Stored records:
[Start of section]

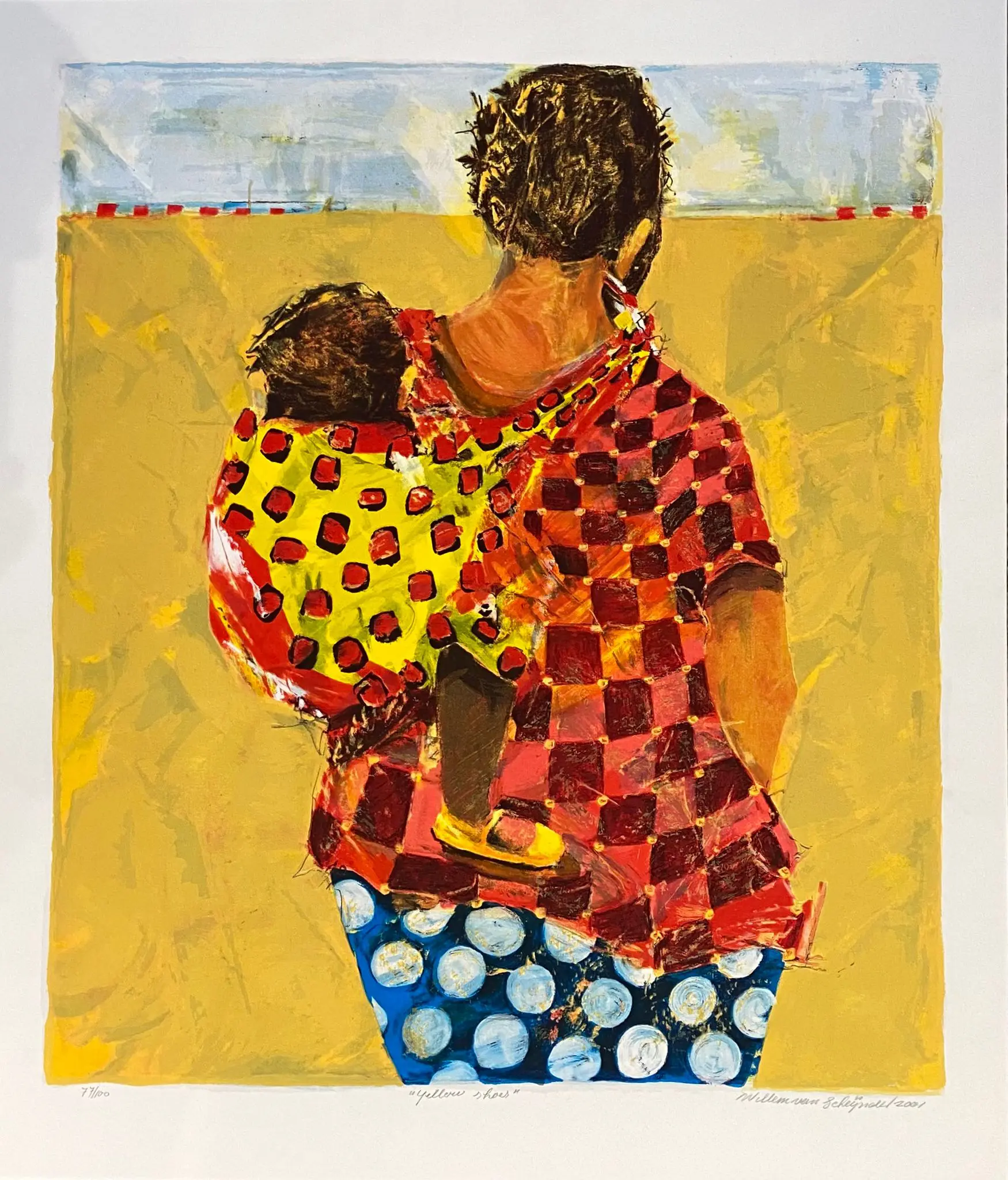 Zeefdruk op handgeschept papier.
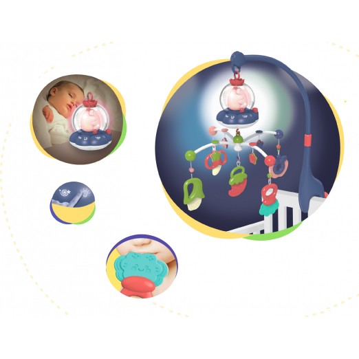 Το μουσικό περιστρεφόμενο All In One θα βοηθήσει το μωρό στον ύπνο, συμβάλλοντας παράλληλα στην ανάπτυξη της ακοής, της όρασης και του συγχρονισμού χεριών-ματιών. Τα κρεμαστά του παιχνίδια γίνονται και μασητικά. Χρησιμοποιείται αργότερα και σαν ανεξάρτητο φωτάκι νυκτός όταν μεγαλώσει το μωρό σας.
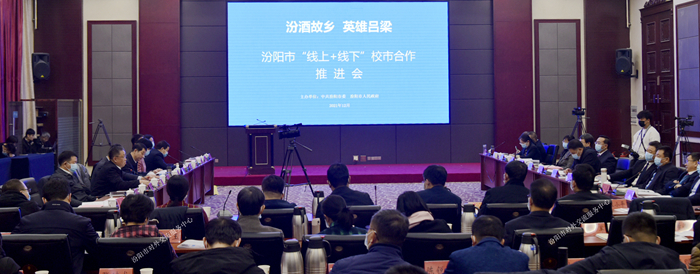 12月15日,校党委书记沈兴全、副校长李东光代表学校出席汾阳市举办的“线上+线下”校市合作推进会。确保疫情防控的前提下,汾阳市通过“线上”拜会北京大学、清华大学、北京邮电大学,“线下”邀请省内太原理工大学、山西大学、山西财经大学、山西师范大学、山西农业大学、山西医科大学、太原科技大学等12所高校领导参加“线上+线下”校市合作推进会,进一步推介汾阳优势和人才政策,以“人才洼地”打造“发展高地”。各参会高校分别与汾阳市签署了战略性合作框架协议。李东光与汾阳市委副书记、市长李正奎分别代表校地双方签署了协议。
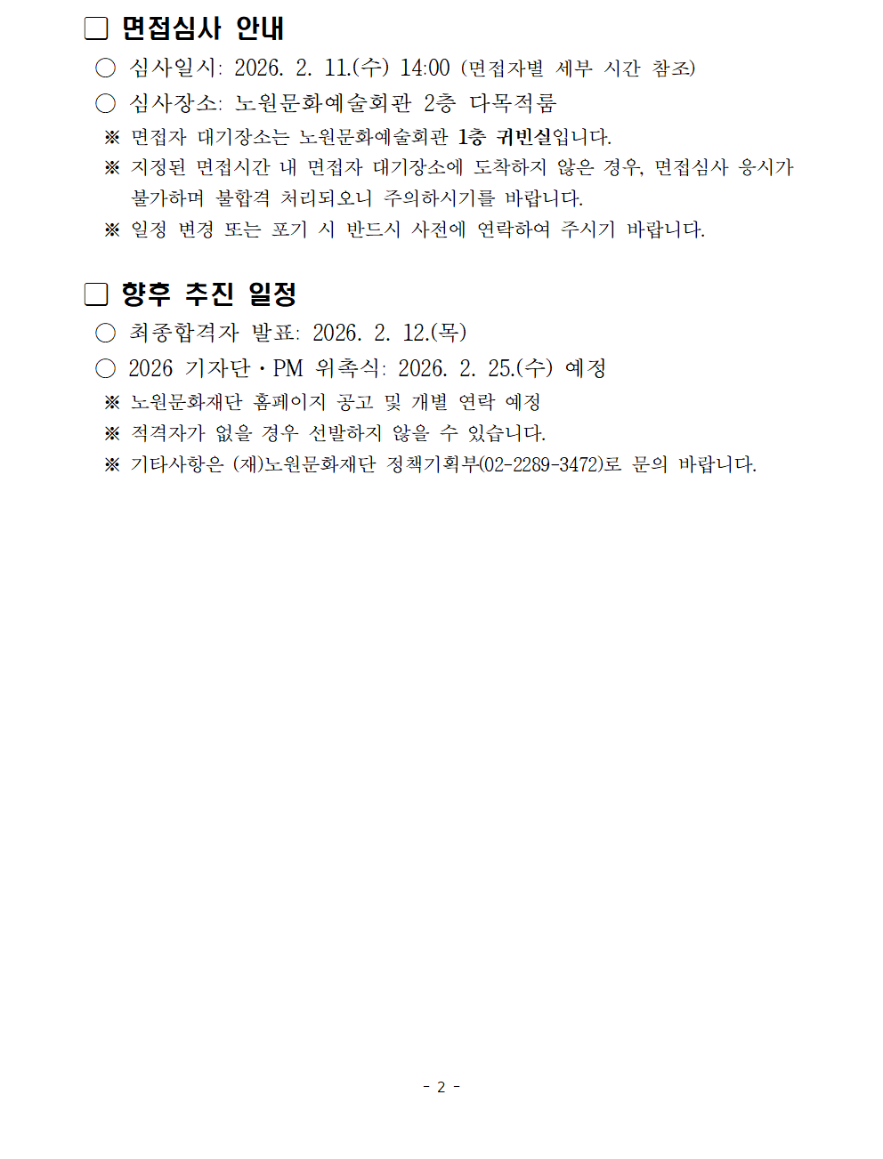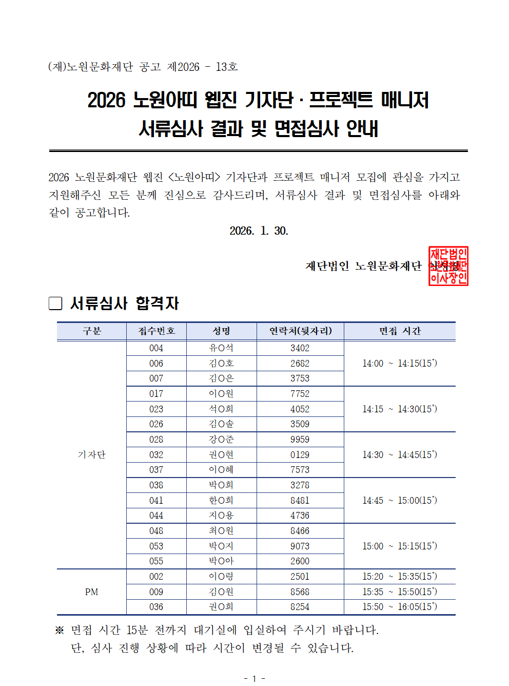 공지사항 2026 노원아띠 웹진 기자단·프로젝트 매니저 서류심사 결과 및 면접심사 안내 2026.01.30 252 현재 URL 복사 블로그 바로가기 이전글 <인상파, 찬란한 순간들> 설 연휴 운영 안내_2/17(화) 휴관 다음글 2026 노원구립청소년교향악단 총무 최종합격자 공고 목록
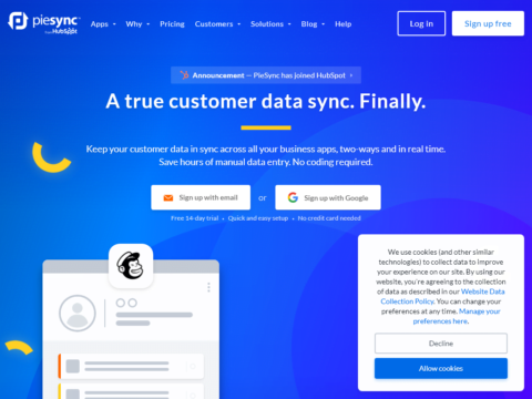 PieSync Help Center Explore our help center for quick answers Search help articles… Getting started The essentials of setting up a two-way or one-way sync between your app...
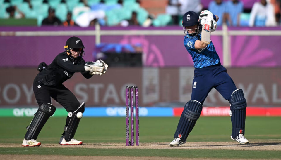 NZ-W vs ENG-W, Women’s Cricket World Cup 2025, brief scores: New Zealand 168 in 38.2 overs (Georgia Plimmer 43; Linsey Smith 3/30) lost to England 172/2 in 29.2 overs (Amy Jones 86*; Lea Tahuhu 1/9) by eight wickets.

[End of section]

Transcribe every entry exactly, leaving out the pictures.

**Result for this task**
 Zeefdruk op handgeschept papier.
 Το μουσικό περιστρεφόμενο All In One θα βοηθήσει το μωρό στον ύπνο, συμβάλλοντας παράλληλα στην ανάπτυξη της ακοής, της όρασης και του συγχρονισμού χεριών-ματιών. Τα κρεμαστά του παιχνίδια γίνονται και μασητικά. Χρησιμοποιείται αργότερα και σαν ανεξάρτητο φωτάκι νυκτός όταν μεγαλώσει το μωρό σας.
 12月15日,校党委书记沈兴全、副校长李东光代表学校出席汾阳市举办的“线上+线下”校市合作推进会。确保疫情防控的前提下,汾阳市通过“线上”拜会北京大学、清华大学、北京邮电大学,“线下”邀请省内太原理工大学、山西大学、山西财经大学、山西师范大学、山西农业大学、山西医科大学、太原科技大学等12所高校领导参加“线上+线下”校市合作推进会,进一步推介汾阳优势和人才政策,以“人才洼地”打造“发展高地”。各参会高校分别与汾阳市签署了战略性合作框架协议。李东光与汾阳市委副书记、市长李正奎分别代表校地双方签署了协议。
 공지사항 2026 노원아띠 웹진 기자단·프로젝트 매니저 서류심사 결과 및 면접심사 안내 2026.01.30 252 현재 URL 복사 블로그 바로가기 이전글 <인상파, 찬란한 순간들> 설 연휴 운영 안내_2/17(화) 휴관 다음글 2026 노원구립청소년교향악단 총무 최종합격자 공고 목록
 PieSync Help Center Explore our help center for quick answers Search help articles… Getting started The essentials of setting up a two-way or one-way sync between your app...
 NZ-W vs ENG-W, Women’s Cricket World Cup 2025, brief scores: New Zealand 168 in 38.2 overs (Georgia Plimmer 43; Linsey Smith 3/30) lost to England 172/2 in 29.2 overs (Amy Jones 86*; Lea Tahuhu 1/9) by eight wickets.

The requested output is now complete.